Strength training is a huge waste of energy. On average, about 600-800 calories are spent in an hour in the gym. This creates a strong energy deficit, and in the body, catabolic processes begin to prevail over anabolic ones. With catabolism, muscle tissue breakdown begins. To prevent this, after training, you must definitely follow a meal rich in all the macro and micronutrients necessary for recovery and growth. It can be both sports nutrition and natural products. Of course, food should be healthy and wholesome, because this is the only way you can achieve an athletic and aesthetic physique. In today's article, we will figure out what to eat after training, which foods are best for this.
Post workout nutrition for weight loss
The secret to losing weight is simple: during the day you need to spend more energy than you get from food. Calorie deficits are created through strength training and cardio training. Therefore, post-workout meals should follow two principles:
- Give you enough energy to recover and function normally;
- Do not take you out of energy deficit.
Energy deficiency is also achieved through a balanced diet - here is detailed information on proper nutrition for weight loss. The daily calorie content is reduced by reducing the consumption of fats and carbohydrates. Most of the carbohydrates during the diet are eaten in the morning and / or shortly before training to keep the body more efficient. After that, most of the diet is protein foods. At the same time, the amount of protein reaches two to three grams per kilogram of body weight to improve recovery and satisfy hunger.
What do you need to eat after exercise to lose weight? Of course, muscles need amino acids for repair, so it's important to get quality protein. Sources of protein are many: white and red fish, seafood, chicken, turkey, egg whites, low-fat dairy products, and protein shakes.
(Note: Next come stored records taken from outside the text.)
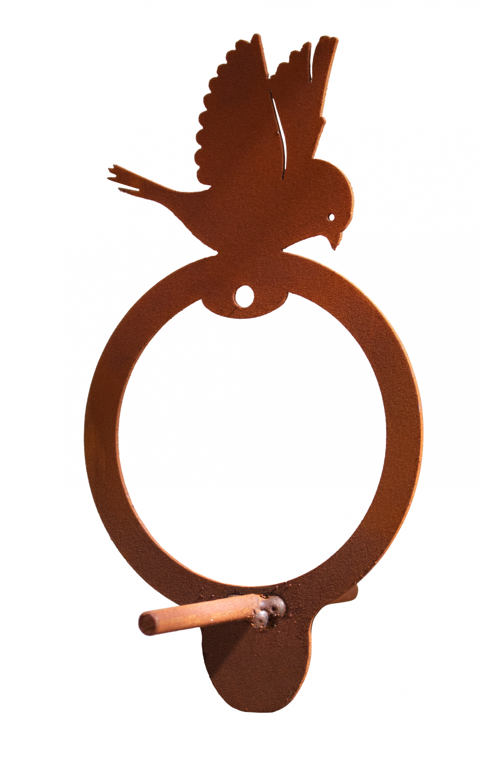 Zum Aufhängen der Meisenknödel bieten wir eine dekorative Aufhängung mit Anflugsteg in Rostoptik. Die Aufhängung kann beispielsweise wunderbar im Baum oder an einen Strauch aufgehängt werden.
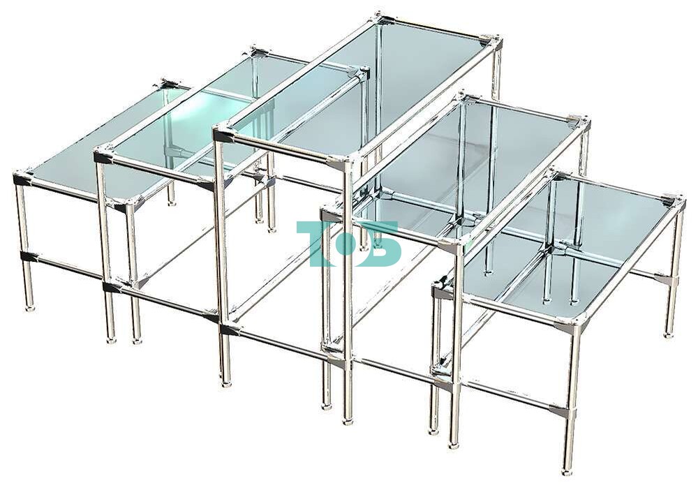 Отличия модели комплекта столов №2-1 с полками стекло 6 мм (прозрачное):
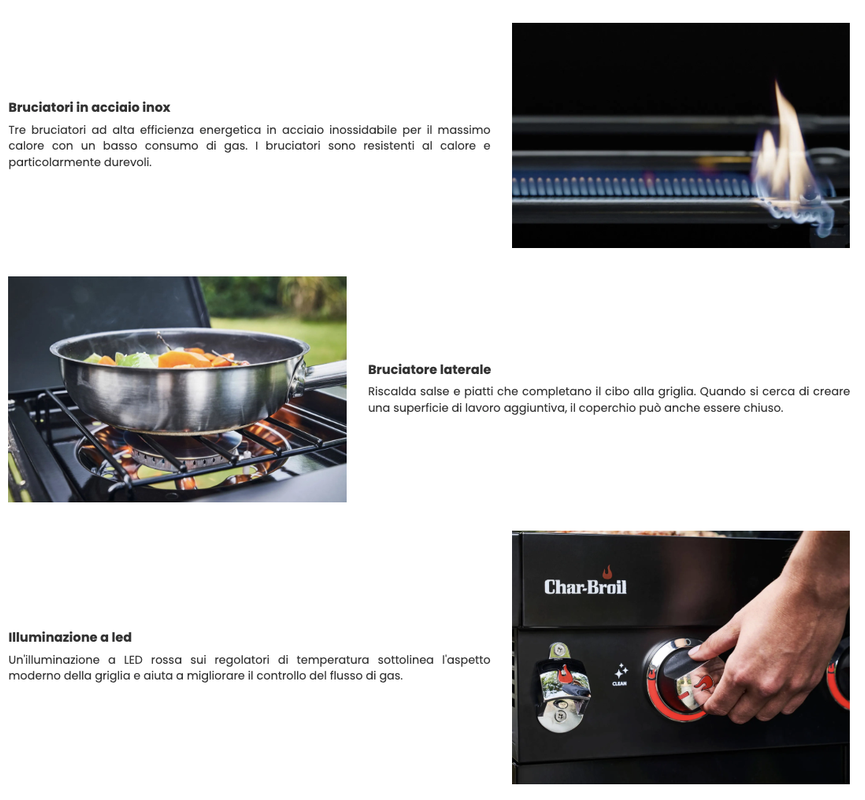 Char-Broil è amato sia da professionisti che da appassionati del barbecue. poiché offre soluzioni che combinano praticità. stile e prestazioni eccezionali. Questo impegno costante verso l'eccellenza ha reso Char-Broil sinonimo di fiducia e affidabilità nel mondo della griglia.

Fiber is needed for complete assimilation of protein. It is found in large quantities in green vegetables such as cucumbers, broccoli, celery, spinach and others. The calorie content of these vegetables is minimal, there are almost no carbohydrates in them, and you can eat them almost without restrictions. Celery is generally considered a "negative" calorie product - you will spend more calories chewing and digesting it than it contains.
When it comes to sports nutrition, it is best to use a whey protein isolate or hydrolyzate. This type of protein is the fastest to digest, does not contain excess fats and carbohydrates, and provides saturation for several hours. To further protect muscle tissue from breakdown, complex amino acids or BCAAs can be used immediately after exercise.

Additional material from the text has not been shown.